▶ **WHAT YOU HAVE TO DO**: Find "一个油猴脚本:Direct download from Google Play" below and begin at its line; stop after the line with "Phonic CELEUS 100". Output those lines exactly, without pictures.

▶ **PROVIDED RECORDS**:
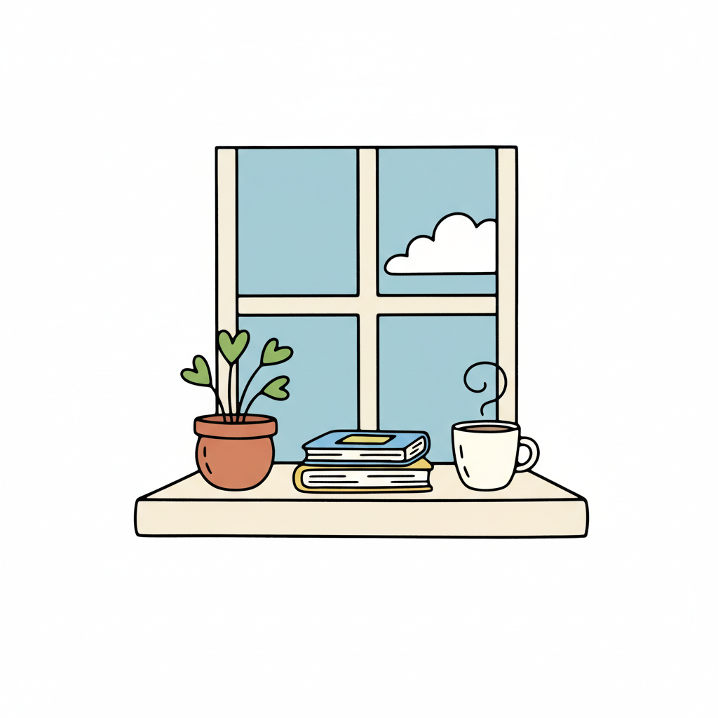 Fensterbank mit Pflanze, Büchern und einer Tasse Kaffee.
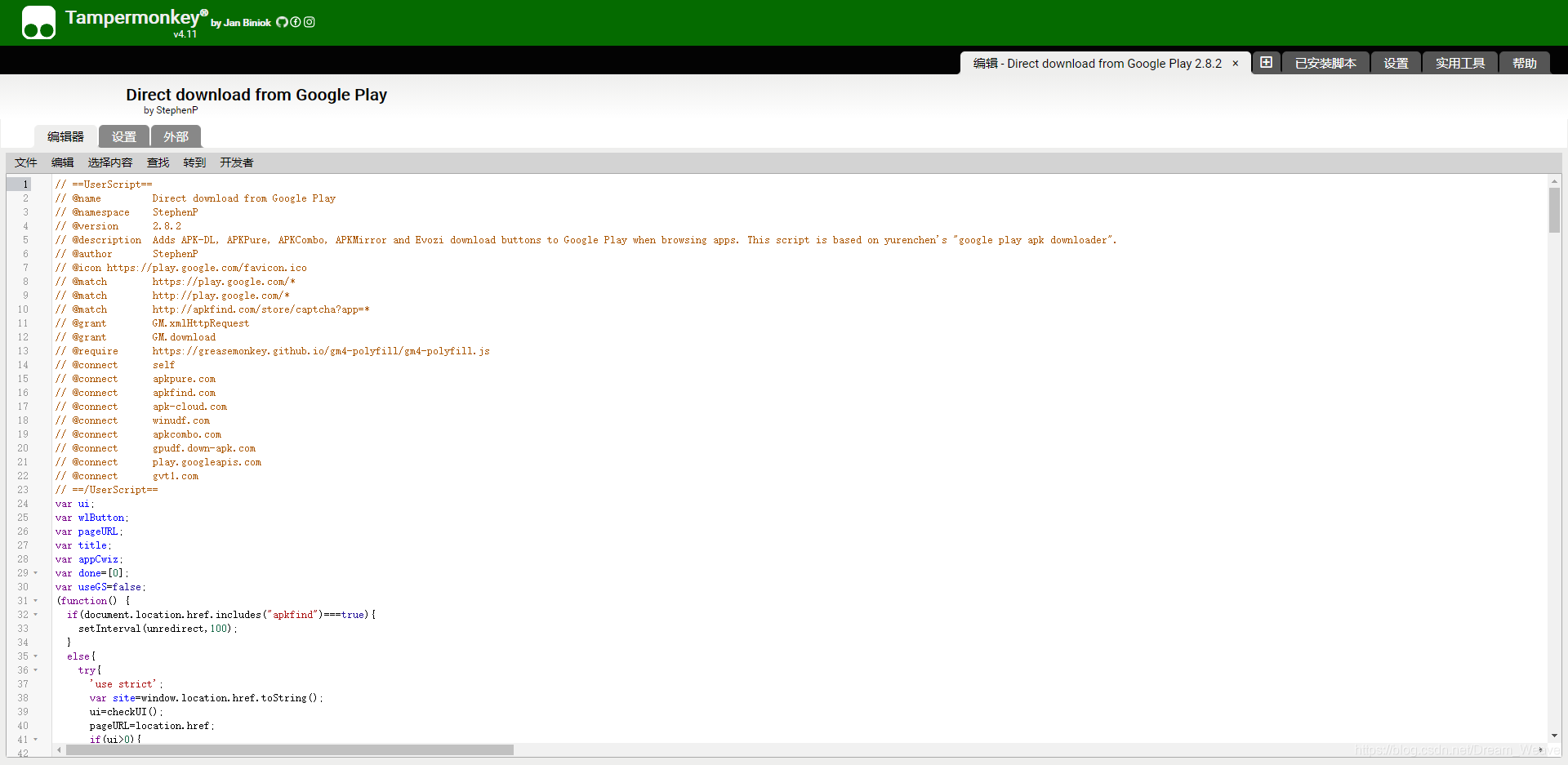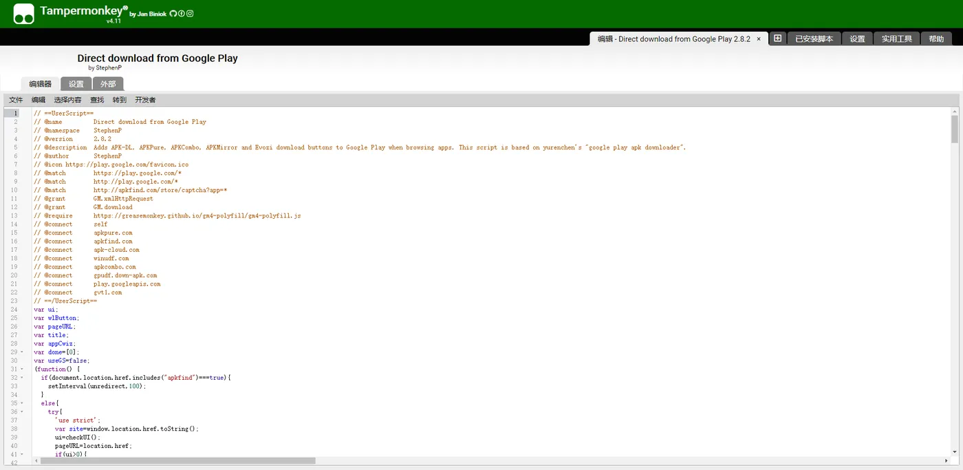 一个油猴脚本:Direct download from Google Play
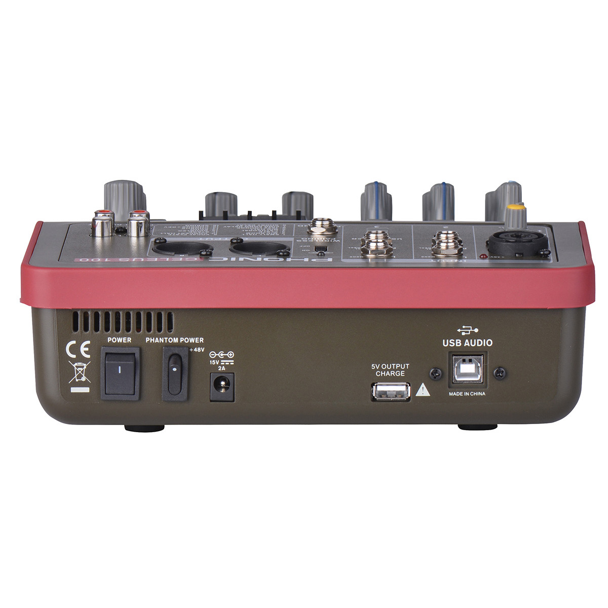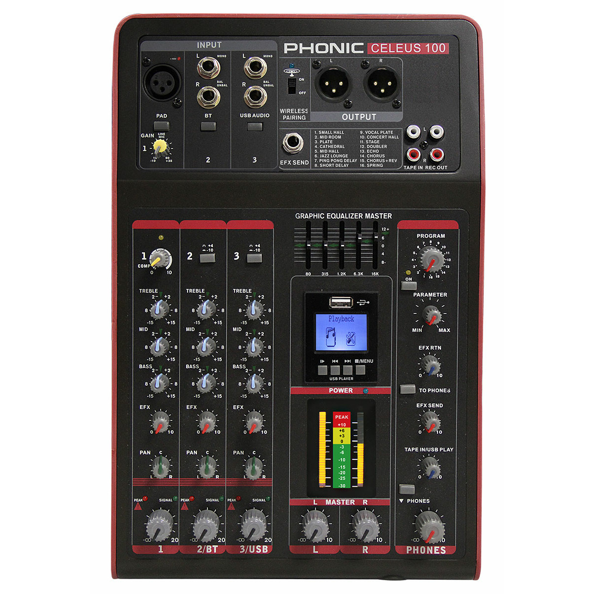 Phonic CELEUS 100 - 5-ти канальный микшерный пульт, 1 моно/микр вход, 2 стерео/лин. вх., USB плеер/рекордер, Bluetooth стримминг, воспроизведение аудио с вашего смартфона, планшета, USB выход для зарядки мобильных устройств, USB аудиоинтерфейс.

* * *

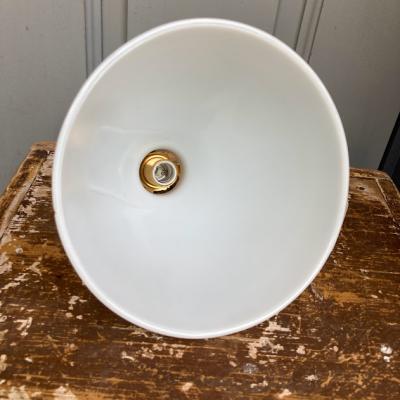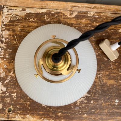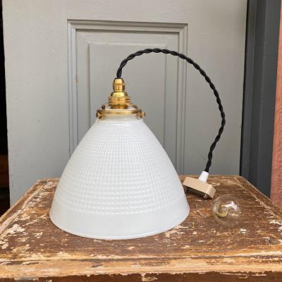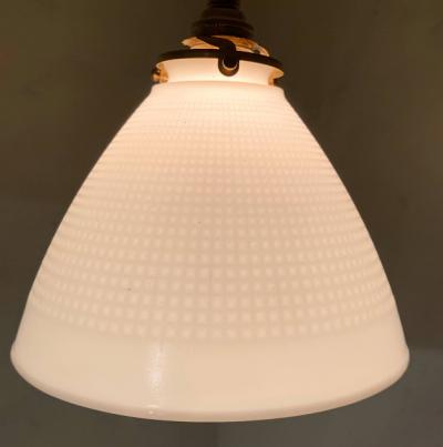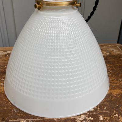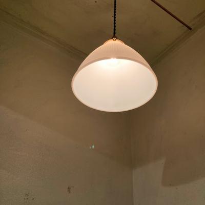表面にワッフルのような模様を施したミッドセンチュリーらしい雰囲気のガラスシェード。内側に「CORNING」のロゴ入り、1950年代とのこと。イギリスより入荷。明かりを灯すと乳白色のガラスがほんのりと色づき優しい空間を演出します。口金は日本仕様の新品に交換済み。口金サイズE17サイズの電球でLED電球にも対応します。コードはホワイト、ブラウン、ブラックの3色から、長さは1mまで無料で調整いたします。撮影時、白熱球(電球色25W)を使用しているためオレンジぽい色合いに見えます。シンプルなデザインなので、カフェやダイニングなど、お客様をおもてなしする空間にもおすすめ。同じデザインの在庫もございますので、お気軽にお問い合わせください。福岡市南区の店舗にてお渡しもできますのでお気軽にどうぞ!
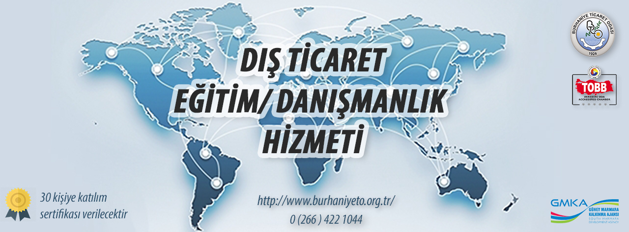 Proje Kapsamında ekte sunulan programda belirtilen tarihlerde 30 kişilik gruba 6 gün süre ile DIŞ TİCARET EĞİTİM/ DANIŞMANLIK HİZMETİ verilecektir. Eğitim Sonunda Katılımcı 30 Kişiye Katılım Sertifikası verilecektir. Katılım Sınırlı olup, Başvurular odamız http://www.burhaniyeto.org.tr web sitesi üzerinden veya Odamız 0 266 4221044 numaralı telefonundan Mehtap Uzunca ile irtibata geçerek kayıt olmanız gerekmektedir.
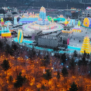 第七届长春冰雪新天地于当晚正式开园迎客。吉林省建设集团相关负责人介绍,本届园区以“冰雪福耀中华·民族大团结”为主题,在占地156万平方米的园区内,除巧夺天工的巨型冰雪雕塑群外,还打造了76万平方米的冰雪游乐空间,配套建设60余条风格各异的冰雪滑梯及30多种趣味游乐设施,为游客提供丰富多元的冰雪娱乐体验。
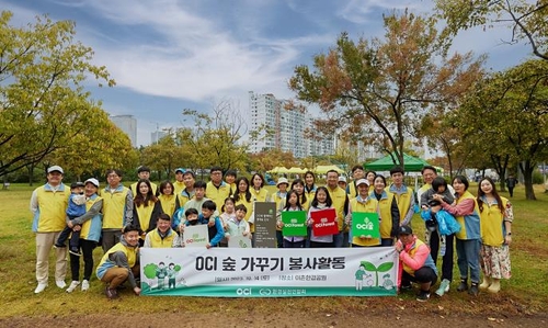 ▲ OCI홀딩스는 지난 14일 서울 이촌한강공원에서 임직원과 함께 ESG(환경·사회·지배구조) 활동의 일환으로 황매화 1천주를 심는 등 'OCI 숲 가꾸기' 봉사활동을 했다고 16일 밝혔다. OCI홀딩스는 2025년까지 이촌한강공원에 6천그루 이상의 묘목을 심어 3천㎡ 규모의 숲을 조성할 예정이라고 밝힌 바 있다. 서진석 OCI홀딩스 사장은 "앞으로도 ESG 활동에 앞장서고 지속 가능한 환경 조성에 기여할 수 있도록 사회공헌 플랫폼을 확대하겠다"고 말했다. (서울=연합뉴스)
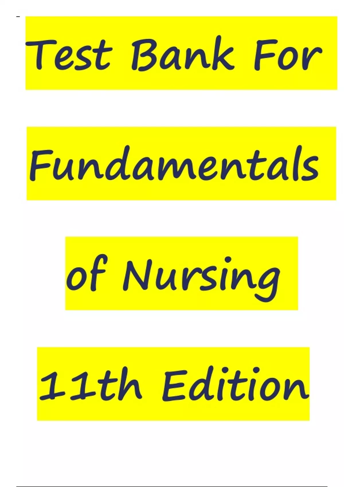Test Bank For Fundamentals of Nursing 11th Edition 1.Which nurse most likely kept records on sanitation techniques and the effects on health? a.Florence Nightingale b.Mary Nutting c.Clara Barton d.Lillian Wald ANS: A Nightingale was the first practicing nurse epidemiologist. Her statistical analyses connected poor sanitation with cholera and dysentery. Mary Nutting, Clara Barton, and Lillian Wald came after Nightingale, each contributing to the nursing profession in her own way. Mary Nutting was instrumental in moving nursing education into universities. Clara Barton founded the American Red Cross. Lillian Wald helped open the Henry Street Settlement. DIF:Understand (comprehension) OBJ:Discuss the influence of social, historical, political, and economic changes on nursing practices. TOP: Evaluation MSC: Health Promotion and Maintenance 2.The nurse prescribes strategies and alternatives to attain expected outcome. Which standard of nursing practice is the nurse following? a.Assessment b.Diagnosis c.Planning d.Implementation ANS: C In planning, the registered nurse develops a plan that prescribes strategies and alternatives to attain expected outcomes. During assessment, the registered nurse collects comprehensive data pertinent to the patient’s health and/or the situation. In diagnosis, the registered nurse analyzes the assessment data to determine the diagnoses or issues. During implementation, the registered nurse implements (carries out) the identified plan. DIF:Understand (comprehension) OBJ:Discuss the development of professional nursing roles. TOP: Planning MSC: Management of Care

▶ **TASK RESPONSE**:
 一个油猴脚本:Direct download from Google Play
 Phonic CELEUS 100 - 5-ти канальный микшерный пульт, 1 моно/микр вход, 2 стерео/лин. вх., USB плеер/рекордер, Bluetooth стримминг, воспроизведение аудио с вашего смартфона, планшета, USB выход для зарядки мобильных устройств, USB аудиоинтерфейс.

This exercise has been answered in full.